The problem is that you call pipe in the grandparent process. After the grandchild process (ls -a) exits, the parent process (sort -r) blocks indefinitely waiting to read more input from the pipe since some process - the grandparent - holds an open descriptor to the write end of the pipe.

If you close the pipe descriptors in the grandparent process, or better yet move the pipe call into the first forked process, then the sort process will terminate when the last process with an open descriptor for the write end of the pipe exits (DEMO):

int main() {
    // Turn off buffering of stdout, to help with debugging
    setvbuf(stdout, NULL, _IONBF, 0);
    printf("Shell> \n");

    pid_t pid1 = fork();
    if(pid1 < 0) {
        perror("fork failed");
    }

    if(pid1 > 0) {      // Parent
        int status;
        waitpid(pid1, &status, 0);
        printf("\t\t------PID1 Complete (%d) -------\n\n", status);
    } else {              // Child
        printf("ON CHILD\n");

        int fd[2];
        if(pipe(fd) < 0) {
            perror("pipe failed");
            return 1;
        }   

        pid_t pid2 = fork();
        if(pid2 < 0) {
            perror("fork failed");
        }

        if(pid2 > 0) {  // Child -> Parent
            printf("ON CHILD-Parent\n");
            close(fd[1]);
            dup2(fd[0], STDIN_FILENO);
            execlp("sort", "sort", "-r", NULL);
            perror("Problem with execlp");
            return 1;
        } else {          // Child -> Child
            printf("ON CHILD->Child\n");
            close(fd[0]);
            dup2(fd[1], STDOUT_FILENO);
            execlp("ls", "ls", "-a", NULL);
            perror("Problem with execvp");
            return 1;
        }
    }

    printf("\nEnd of program.\n");
}

The other problem with the program is the one @nategoose commented on: the call to waitpid could lead to a deadlock if the output of "ls -a" is too large to fit in the pipe's buffer. There's no reason to wait, so it should simply be eliminated.

1
votes

This isn't a real answer, but I have some into that I'd like to share.

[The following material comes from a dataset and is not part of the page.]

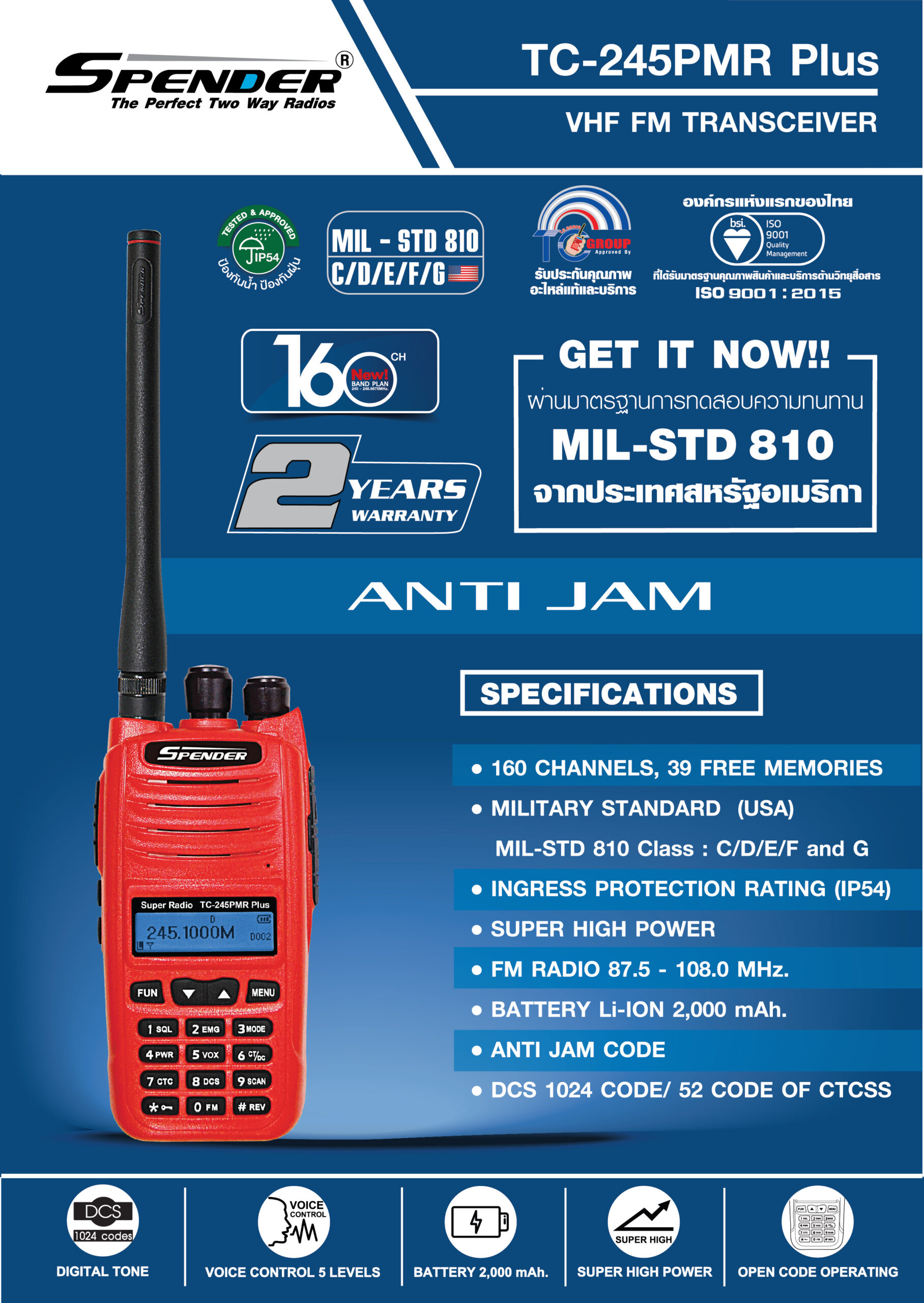 TC-245PMR Plus เป็นวิทยุสื่อสารที่ออกแบบดีไซน์ ให้มีกำลังส่งสูงและสามารถระบายความร้อนได้ดี และได้รับมาตรฐาน Ingress Protection Ratings(IP54) มาตรฐาน IP54 มีความสามารถที่จะป้องกันฝุ่นได้แต่อาจมีฝุ่นเล็กน้อยเล็ดลอดเข้าไปโดยฝุ่นที่เล็ดลอดเข้าไปนั้นต้องไม่มีผลใดๆต่อการทำงานของอุปกรณ์และมีความสามารถที่จะป้องกันละอองน้ำที่ตกกระทบตัวอุปกรณ์ได้จากทุกทิศทาง ทนต่อการตกกระแทกเพราะได้รับ ได้รับมาตรฐาน Military Standard (USA) MIL-STD 810 Class : C/D/E/F and G ทนต่อการสั่นสะเทือน การกระแทก หรือการตก มีระบบ ANTI JAM สามารถป้องกันการดักฟังได้100%
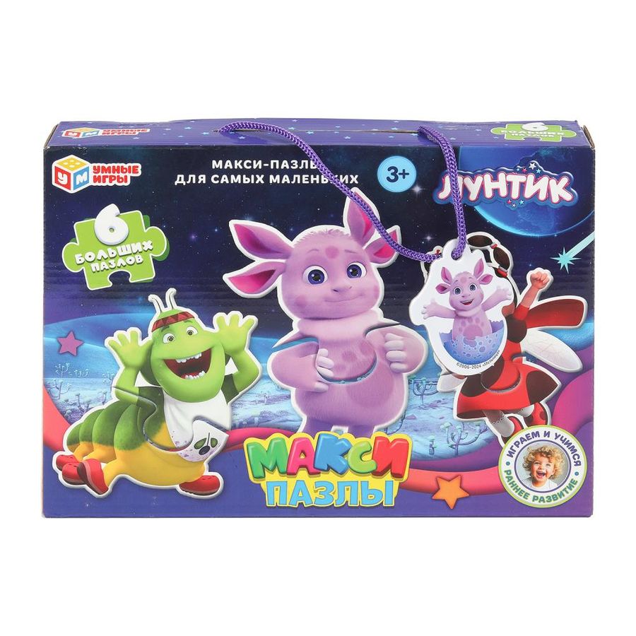 Макси-пазлы для малышей «Лунтик» ТМ «Умные игры» — отличная развивающая игра для самых маленьких: - 6 больших пазлов - крупные детали - раннее развитие - удобно для детских пальчиков - любимые персонажи - красочный дизайн - плотный картон Задача ребёнка – подобрать половинки пазлов из набора так, чтобы собрать картинки с изображением героев известного мультсериала — всего 6 вариантов. Благодаря небольшому количеству деталей, малыш без труда сможет выполнить задание, с каждым разом делая это всё лучше и быстрее. Собирая пазлы ТМ «Умные игры», ребёнок будет развивать: - внимание - память - мышление - моторику - усидчивость Размер упаковки: 250 x 180 x 45 мм. Материал: картон. Рекомендовано детям от 3-х лет.

To make sure that your output comes out in the order that it should, I'm flushing a lot more than you were. Remember that when you are calling functions like fork(), clone(), vfork(), dup(), dup2(), close(), or any of the exec() family of functions you are doing stuff that is BELOW the C runtime environment, which includes stdio. If you do:

printf("cat");
fork();
fflush(stdout);

You are very likely to get:

catcat

as your output because you've duplicated the stdout structure, including all buffered data, so unless stdio decided that it was time to flush anyway before the end of the printf function, then "cat" is in each process's stdout buffer.

There's also the fact that since data can stay buffered when you run a function in the exec family your data may not be flushed before your program is replaced with the new program. When your program is replaced by ls or sort then any data pending in stdout gets lost forever.

Also, when you use dup you have the another issue since you are swapping the file descriptor out from under stdio so it may not have flushed yet and the data may end up getting flushed to the new file after the dup.

Because of these things you should have a lot more calls to fflush, but I don't think that's your problem here.